Qualche sera fa, in uno svogliato zapping a stomaco pieno, mi sono imbattuto in Maccio Capatonda che promuoveva il suo primo film, L’italiano medio. A essere onesti non sono mai stato un suo fan sfegatato, per me Mai dire Gol si è concluso quando hanno smesso i vari Albanese, Bisio, Crozza, Dix, Hendel e il trio milanese, che poco dopo ha smesso anche di farmi ridere. Però devo dire che la scena della pasticca grazie a cui “il cervello lo usi solo il 2%” mi ha fatto ribaltare dal ridere. Insomma, Maccio ha colto nel segno e andrò volentieri al cinema a vederlo.

Terminate le risate sono ritornato serio e mi sono chiesto se l’italiano medio sia davvero fatto così. Siccome non sono antropologo, filosofo, politologo o sociologo e di calcio è meglio non parlare…mi sono concentrato su quello che conosco meglio, le automobili. Così ho aperto una battuta di caccia mentale all’italiano medio in auto, facendo abbastanza fatica a trovarlo in maniera univoca e scoprendo invece trovato tante tendenze che si sono susseguite nel tempo. Le chiamo tendenze per essere carino, ma la definizione giusta sarebbe “mandria di pecore che si muove seguendone una”. Tralasciando i luoghi comuni che si sentono sulle automobili, su cui davvero si potrebbe scrivere un libro, basta guardarsi intorno alla ricerca delle copie-carbone. Ovviamente da questo discorso sono esentati tutti quelli che possono spendere poco, per cui l’auto è solo una imprescindibile e pesante voce di spesa.

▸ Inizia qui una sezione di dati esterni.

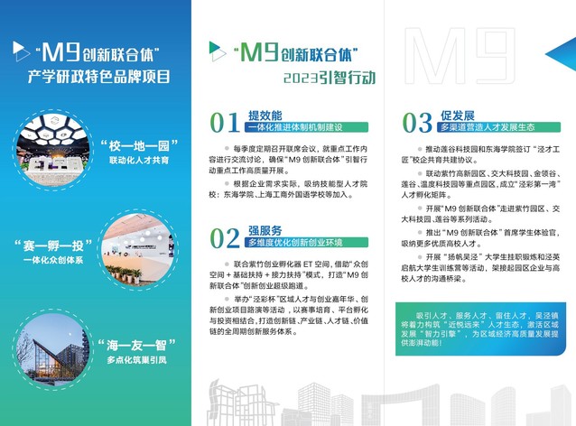 “M9”创新联合体是吴泾镇党委联合申通集团党委,将周边高校与紫竹等国家级科创园区以及莲谷科技园、交大科技园等重点园区串联起来,共同打造的产学研政特色品牌项目。目前已有上海交通大学、华东师范大学等10所高校加入。随着我校加入“M9”创新联合体,成为其中唯一的一所医学类本科高校,通过产学研政联动联创,推动校地资源共享和互补。
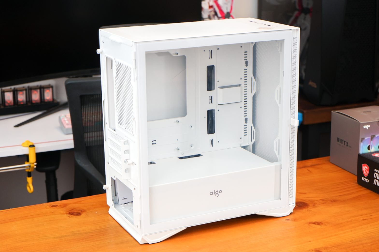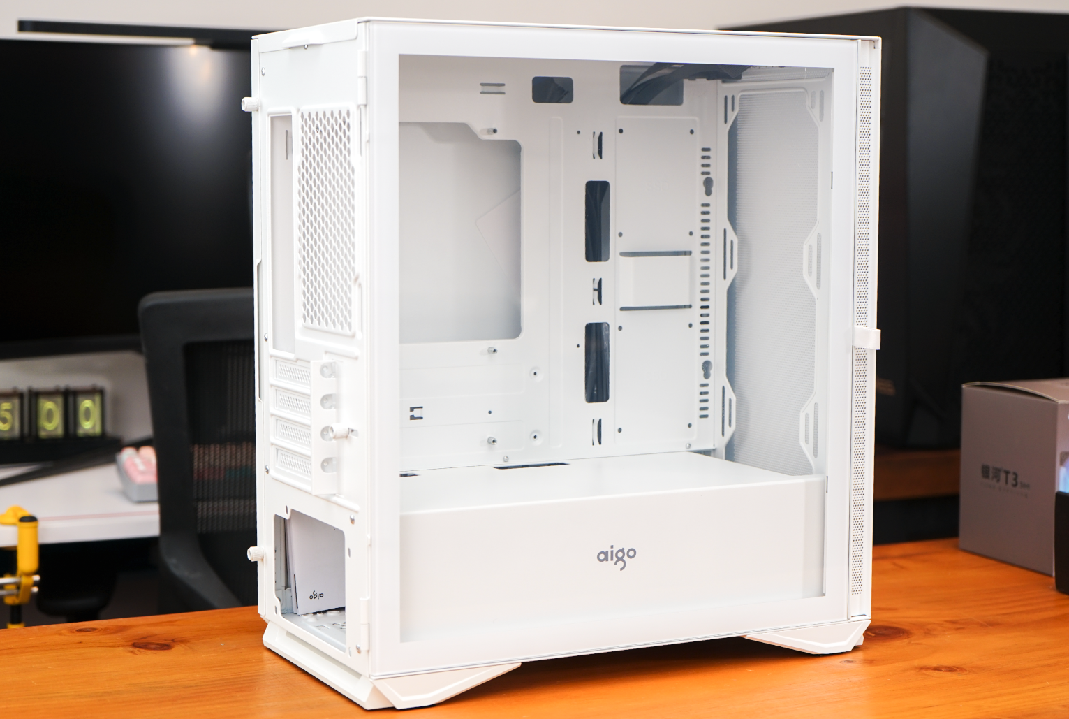 aigo YOGO M2高性能版机箱对比之前的版本颜值又高了不少。这次我拿到的是纯白版,里里外外基本上都是白色。aigo的logo被设计在电源仓的侧面,看起来也非常醒目。
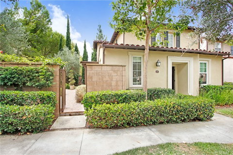 backyard with a lovely water fountain and full grown olive trees, cypress trees.
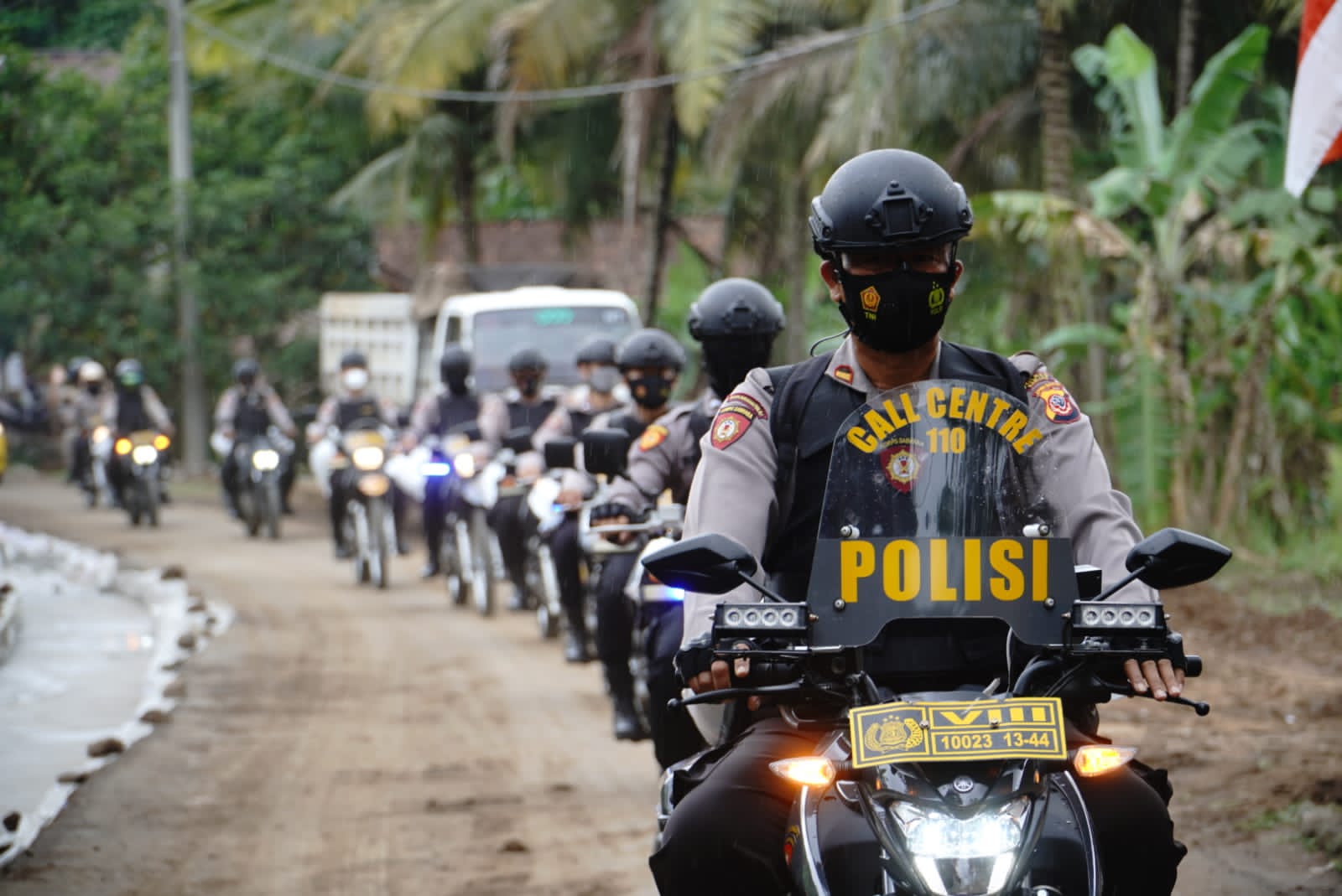 Penyaluran/ Penyerahan 34 Paket Bantuan Sembako yang berisikan Beras 5 Kg, Mie instan, Kecap, Susu kental, Gula, Teh, minyak dan Masker oleh Kapolres Banjar, Kasat Samapta IPTU HELMIZAR S.IP, Kbo Samapta IPTU MUH SUYANTO KARYADI beserta 8 Personil Dalmas Sat Samapta dengan menggunakan 9 Unit Sepeda Motor Suzuki Trail Sat Samapta dan 1 Unit Sedan Almira Patroli R4 , Beserta Jajaran Sat Lantas Polres Banjar, 34 Paket Sembako diserahkan kepada Kaum Disabilitas dan Jompo Warga Dusun Sukaharja Desa Karyamukti Kecamatan Pataruman Kota Banjar.
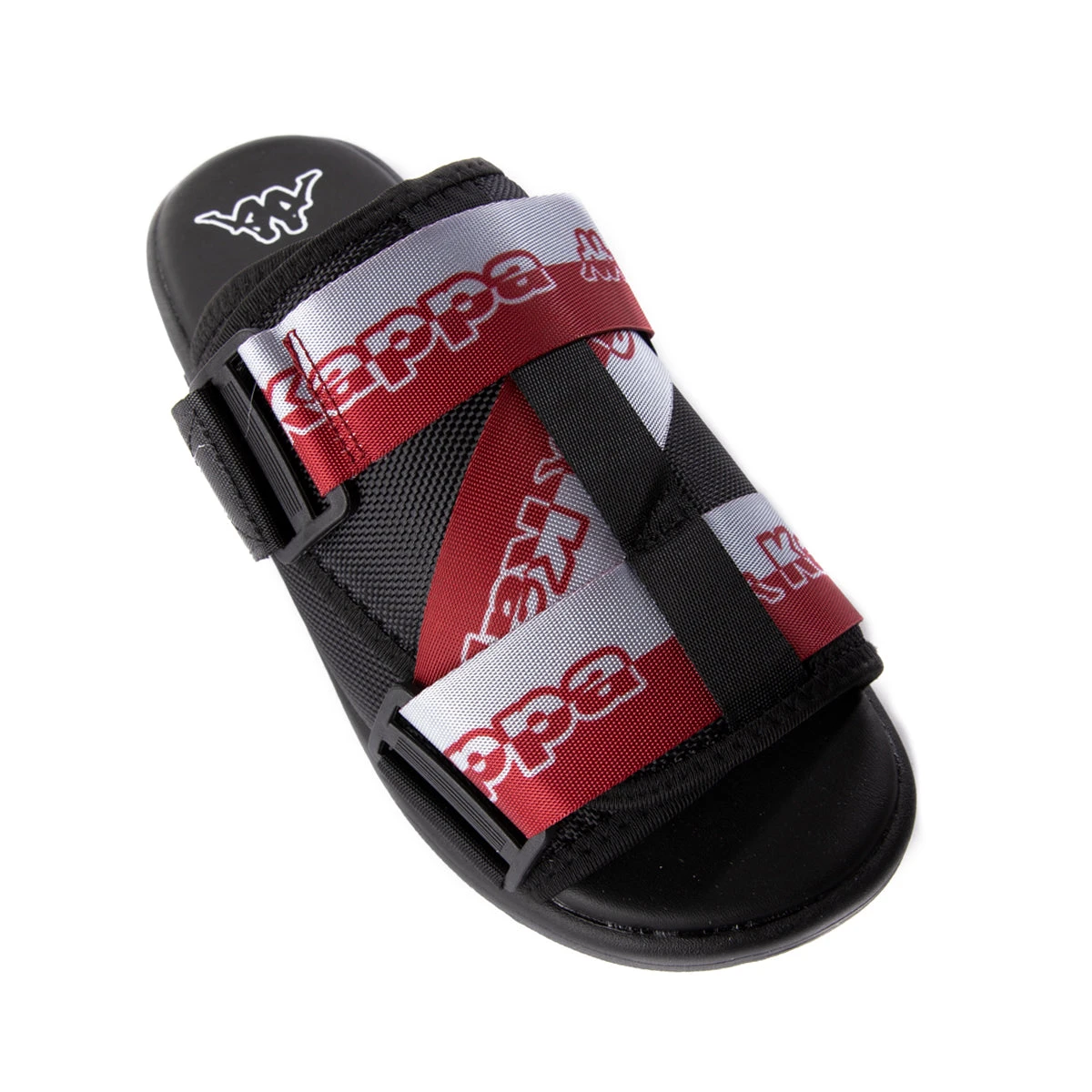 SPORT.Unisex SANDAL Upper in nylon, synthetic material PVC outsole. Strap closing with Banda with Omini logo and kappa lettering repetition on upper, Omini logo printed on footbed. Textile Composition: OUTSOLE – Polyvinyl Chloride 100%; UPPER – Nylon 100%
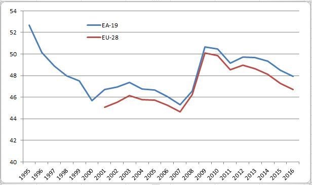 So what do the facts say? The AMECO database has a consistent and comparable series for government spending going back to 1995*. Expressed as a share of GDP, they give us a snapshot at almost a quarter century of spending trends under the regressive influence of monetary union, stability pact and the “voiding” of national parliamentary democracy in Europe.
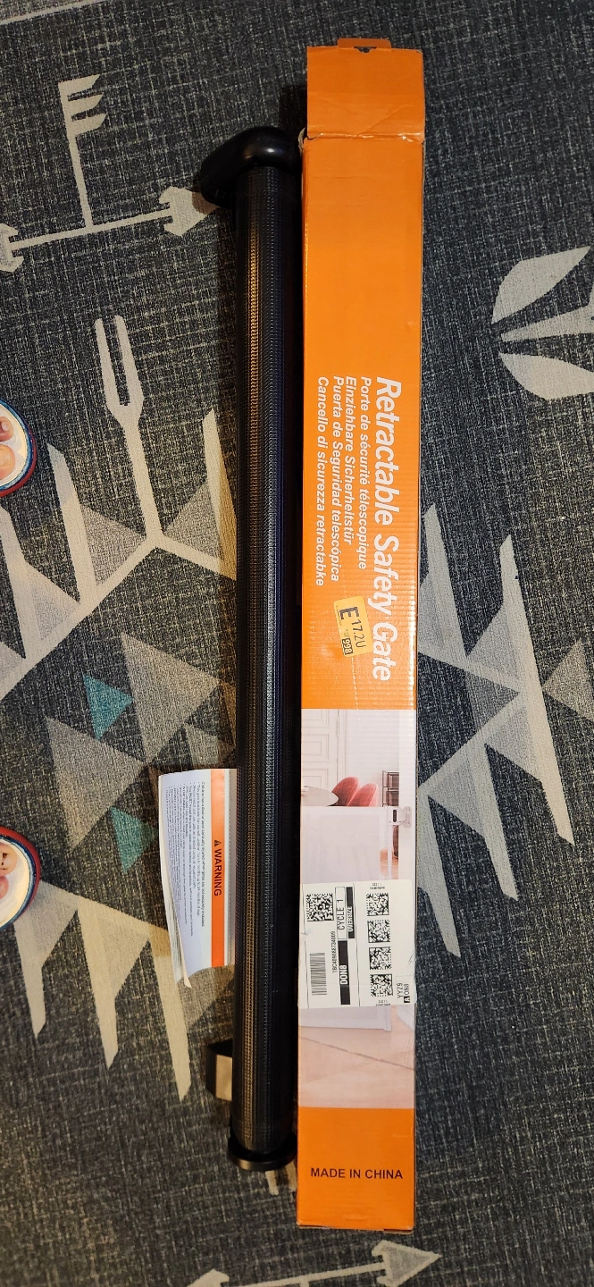 Retractable safety gate. Includes all hardware and instructions. Easy installation. Perfect for doorways and hallways.
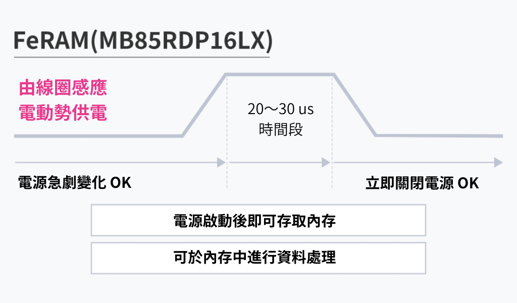 本FeRAM產品(MB85RDP16LX)即使僅提供20~30微秒脈衝式電源, 仍能正確讀取先前資料,完成計數運算後更新並保存資料, 隨時可安全關機,不造成資料遺失。
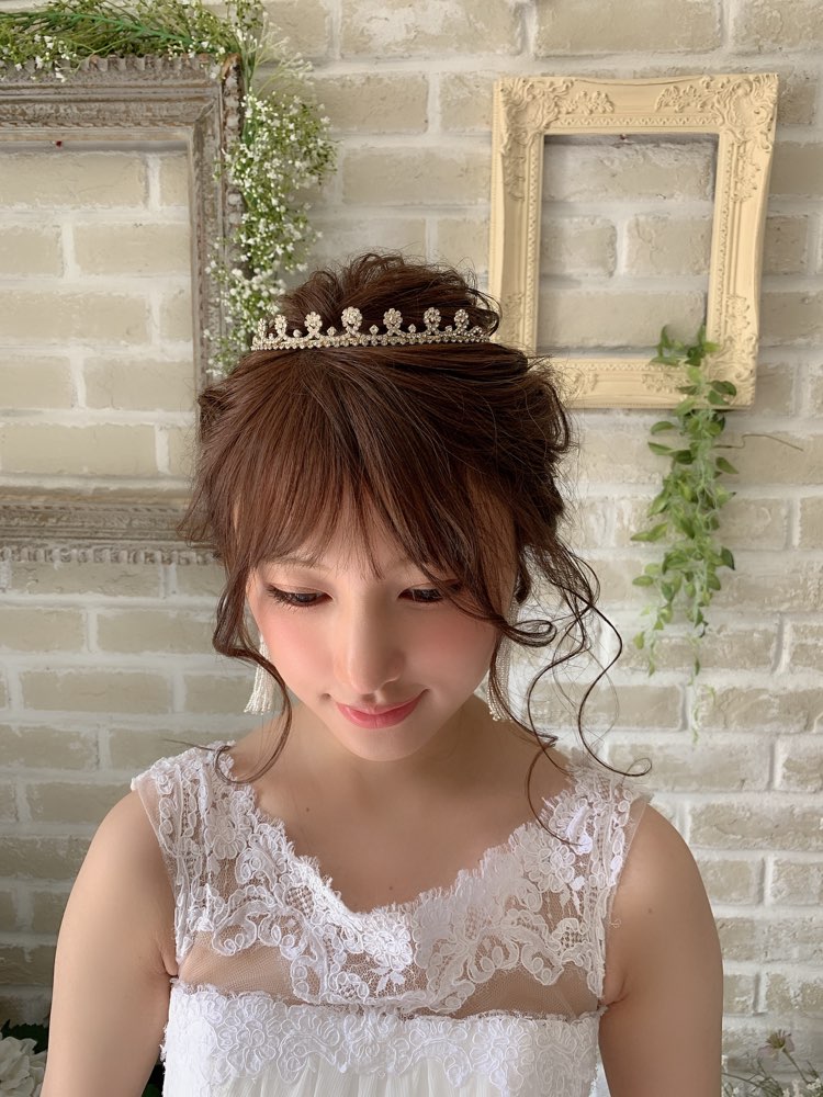 ゴールドの輝きが上品な正統派ティアラ。程よい存在感で、気品のある印象を与えます。披露宴にはもちろん、ロケーションでの前撮りや、ウエディングフォトにもオススメの1点です。
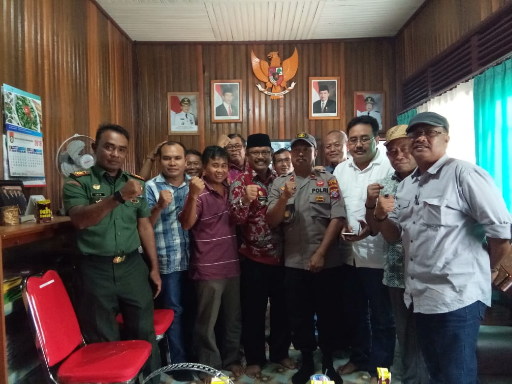 Usai rapat musyawarah, camat Parenggean Siyono (kopiah hitam) bersama aparat di kecamatan dan PBS serta pengusaha lokal kecamatan Parenggean. (zainal/brt).
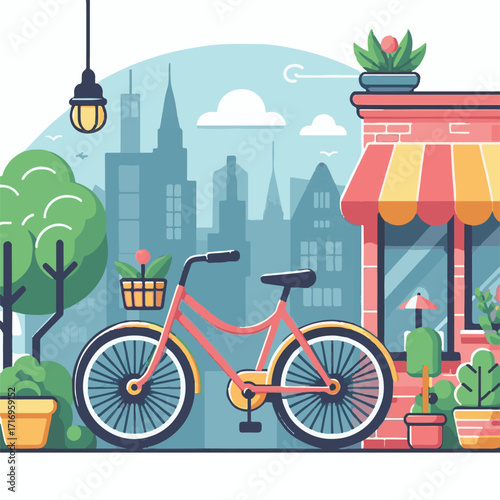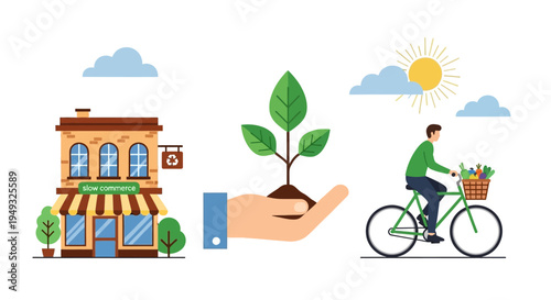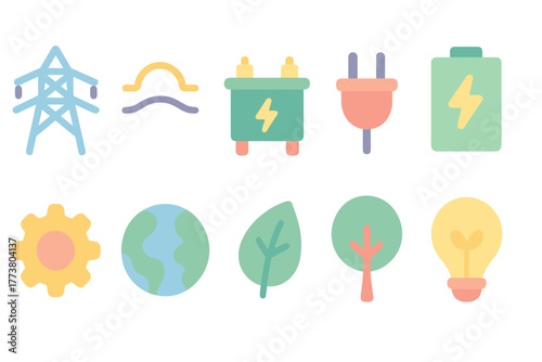 Vektorový plochý design ilustrace větrných turbín, solárních panelů, žárovky, zástrčky, ekologického dopravního kola, ruční držící lahvičky se zeleným výhonkem. Koncept ekologie pro webový banner, webovou stránku atd.
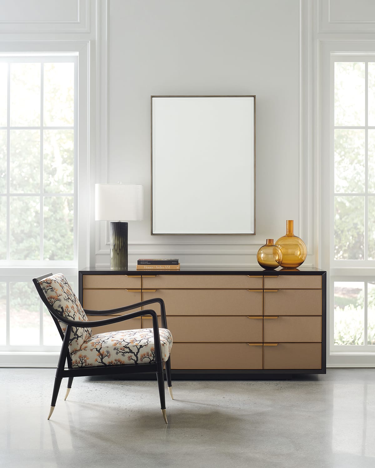 Handcrafted dresser merges minimalism with elements of midcentury modern style Each drawer front is wrapped in a beautifully textured vinyl with a rivulet pattern Offers generous storage with softclosing features and two feltlined top drawers Top drawers with side guides and the rest of the drawers with undermount soft close guides Made of dark chocolate Birchwood and polyester Overall, 72"W x 19"D x 32"T Includes hanging hardware Assembly required Imported Boxed weight, approximately 285.0lbs
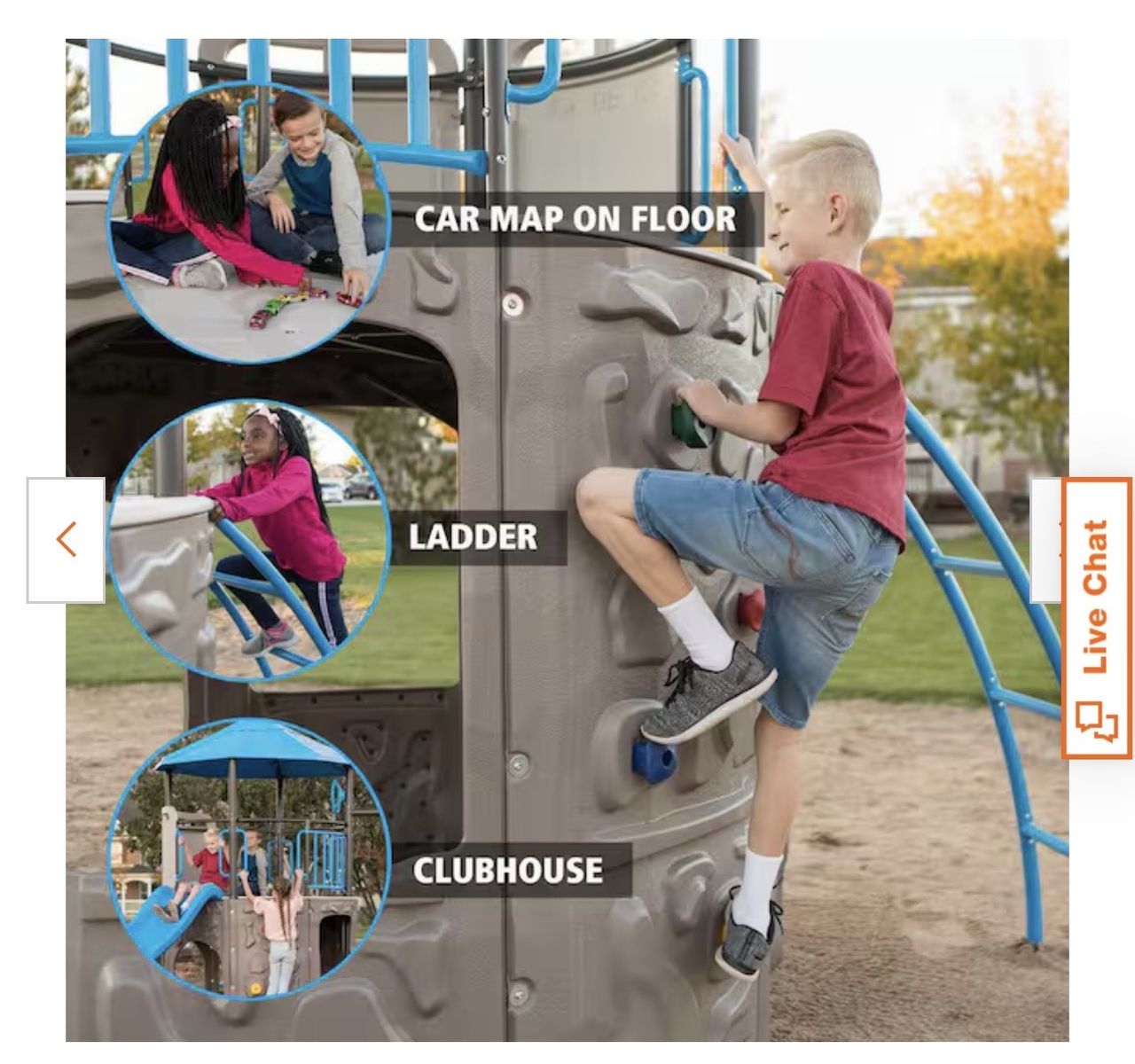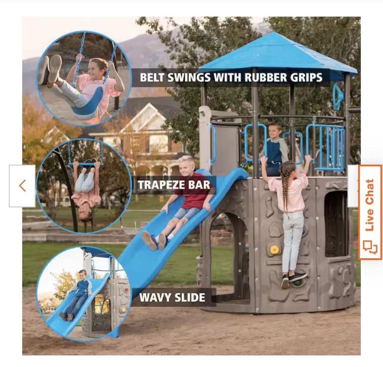 Clubhouse with hardtop roof Low maintenance - no staining or painting required Passes playground performance and safety standards Soft rubber grips on swing chains to prevent pinching or snagging Integrated car map on tower floor UV-resistant - retains strength and maintains color Free-standing - no need for cement 1 trapeze bar and 2 swings All-weather resistant - will not crack, warp, rot or split 2 sturdy 3-D climbing walls Hard edges are rounded or covered with plastic caps No lead-based material Steering wheel

Andando a memoria, ricordo il boom della Volkswagen Golf IV alla fine degli anni Novanta, c’era gente che avrebbe ucciso per una Tdi 110 Cv, poi quelli successivi dell’Audi A3 e della Bmw Serie 1 (la 120d solo per chi poteva spendere sul serio). Che dire poi della prima Mini, un “must-have” di tutte le teenager borghesi, delle Nissan Qashqai e Micra dCi, che facevano “understatement ma non troppo” e della Fiat 500, la prima auto dei giovani italiani ormai invecchiati? Tutte auto validissime, che sono riuscite a intercettare una certa fetta di pubblico e a creare un desiderio di imitazione, spesso basato su ragioni davvero poco concrete. E non è certamente, solo, una questione di prezzo, altrimenti non si spiegherebbe né il successo della Dacia Duster, una Suv low-cost che è diventata cool, né quello della Smart, una “mezza-macchina”, che costa come una intera.

Insomma, la scelta l’automobile si conferma più che mai un fatto culturale, guidato da motivazioni che cambiano in ogni Paese, regione, città o provincia. Il filo conduttore, però, è sempre lo stesso: l‘estetica. Sono le auto belle ad avere successo e lo conferma l’ultima ricerca Gfk Eurisko, secondo cui lo stile è il primo motivo di scelta, il rapporto qualità/prezzo il secondo e l’affidabilità il terzo. Come dire, l’importante è avere l’auto “giusta” per fare bella figura con gli altri, poi se si rompe me lo tengo per me e spendo in silenzio.